Ольга Петровна довольно посмотрела на директора и произнесла:
— Я вас понимаю, Константин Петрович, и тоже прошу войти в мое непростое положение. Вы нам, кстати, ещё компьютерный класс не показали, — тихо сказала Ольга Петровна, а затем, повысив голос, добавила: — Спускайтесь, Павел Егорович, Константин Петрович нам ещё компьютерный класс хочет показать.
Тем временем, педагог Апача продолжала свою речь перед учениками одиннадцатого «Б» класса, явно наслаждаясь процессом, а местами даже упиваясь своим монологом. Она расхаживала перед открытым окном, постоянно попадая под потоки весеннего ветра, что ещё больше делало её похожей на индейского вожака.

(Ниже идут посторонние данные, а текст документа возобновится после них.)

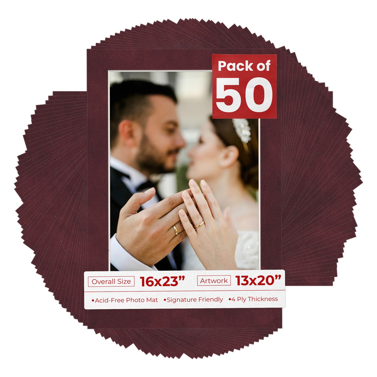 Dark Red Suede Mat Board for 16x23 Frames - Fits 13x20 Photos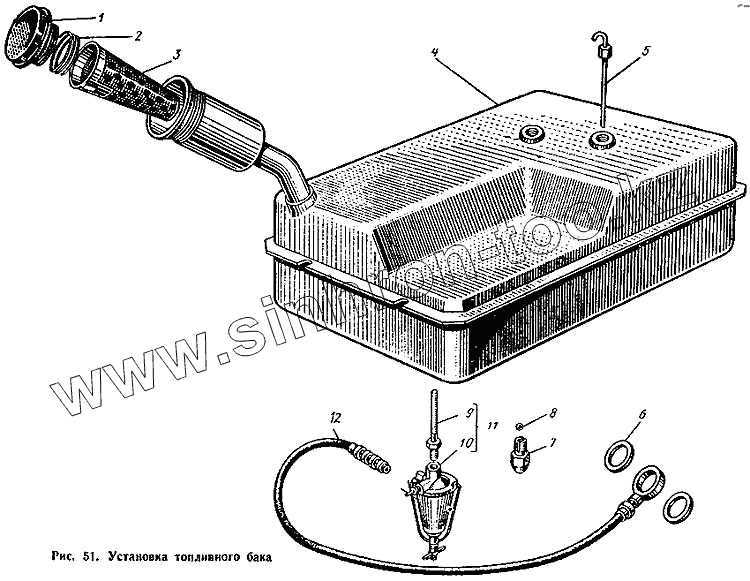 Каталог запасных частей к технике: ХЗТСШ Т-16М. Установка топливного бака
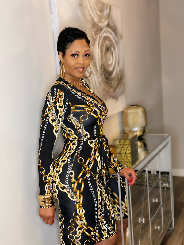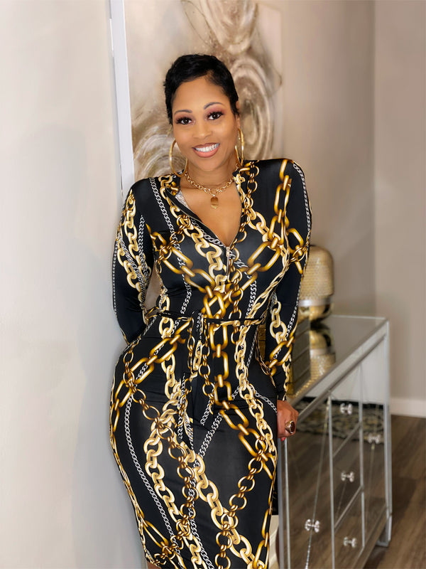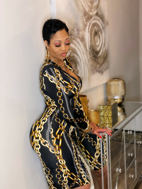chain print long sleeve midi length Front zipper matching self waist band soft silky material  great stretch true to size Model is 5”9” and wearing a size medium  Fabric: 95% Polyester, 5% Spandex   Made In: USA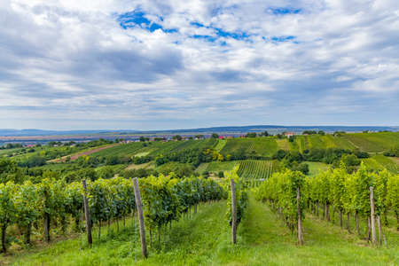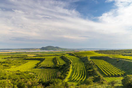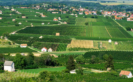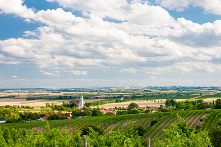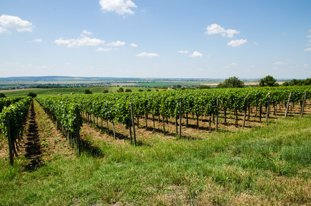 South Moravia, Czech republic: Vineyard fields on agriculture land. Countryside meadow, vineyard plant and beautiful landscape near small village. Summer and blue sky with nice clouds

— Пусть эта поверхность будет какой угодно, — говорила Апача, — но я всегда спрашиваю себя, что находится за ней?
Завершив свой словесный пассаж, она оборвала речь почти на полуслове и перевела взгляд от конспекта, в который изредка заглядывала, на ученика Килю:
— Артём, а тебя, я вижу, вопрос, который так терзал Джордано Бруно, совсем не беспокоит? — произнесла Апача. — Сюда неси, что ты там в Винтера бросил.

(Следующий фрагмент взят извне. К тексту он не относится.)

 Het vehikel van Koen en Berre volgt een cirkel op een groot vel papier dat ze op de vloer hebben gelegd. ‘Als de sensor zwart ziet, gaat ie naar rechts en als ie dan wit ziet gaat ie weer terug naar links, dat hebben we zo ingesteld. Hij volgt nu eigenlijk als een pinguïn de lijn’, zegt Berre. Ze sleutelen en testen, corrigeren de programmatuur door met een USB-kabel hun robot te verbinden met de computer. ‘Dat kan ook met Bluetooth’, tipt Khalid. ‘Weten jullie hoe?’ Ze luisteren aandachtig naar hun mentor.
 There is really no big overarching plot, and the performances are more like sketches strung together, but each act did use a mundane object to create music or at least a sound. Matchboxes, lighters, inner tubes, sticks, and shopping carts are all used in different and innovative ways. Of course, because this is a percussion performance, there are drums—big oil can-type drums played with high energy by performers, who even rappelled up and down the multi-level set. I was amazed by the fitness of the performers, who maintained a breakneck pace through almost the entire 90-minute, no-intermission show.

Киля поднял с пола скомканную записку Лизы и направился к учителю.
— Бесконечно ли пространство или нет? Является ли оно просто соотношением между материальными телами, или существует независимо от них, само по себе? — продолжала Апача. — Вот вопросы, которые всегда ставились относительно такой сущности, как «пространство». Ньютон писал…

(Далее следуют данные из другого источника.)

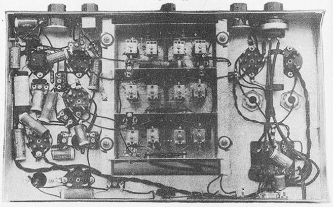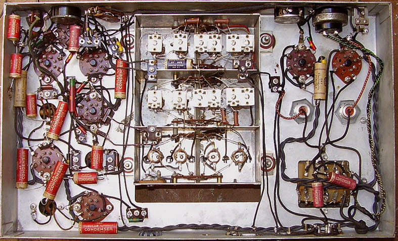 was kept within the dial indications of the ham band limits. Early versions of the TOBE Amateur Communication Receiver Model 35/H have seven large six and seven pin glass tubes. By mid-1935, an eight-tube version that employed all metal octal tubes was available as an option. Since the front-end and IF was pre-aligned, the builder had only to assemble the receiver. Tobe Deutschmann's instructions say "a few enjoyable hours" were required for assembly - a little bit of hyperbole. I've rebuilt from a "stripped out" condition two TOBE Amateur Communication Receivers and a far more realistic estimate would be at least three days working about three hours per day to do good job that's neat and correct. That's followed by a minor "touch up" alignment to the triple-tuned IF (tertiary coupled IF transformers) and to the four band front-end. >>> |

Киля подошёл к учителю, положил скомканную записку на её стол и уже хотел было уже обратно вернуться на своё место, но Апача его остановила:
— А вот что по этому поводу писал Ньютон в своих дневниках, ответит нам Артём Килин, — сказала Тамара Викторовна.
— Откуда мне это знать? — возмутился Киля.
— А ты представь, что ты — это он, — предложила Тамара Викторовна Храмина, — Тем более, что я просила повторить законы Ньютона дома.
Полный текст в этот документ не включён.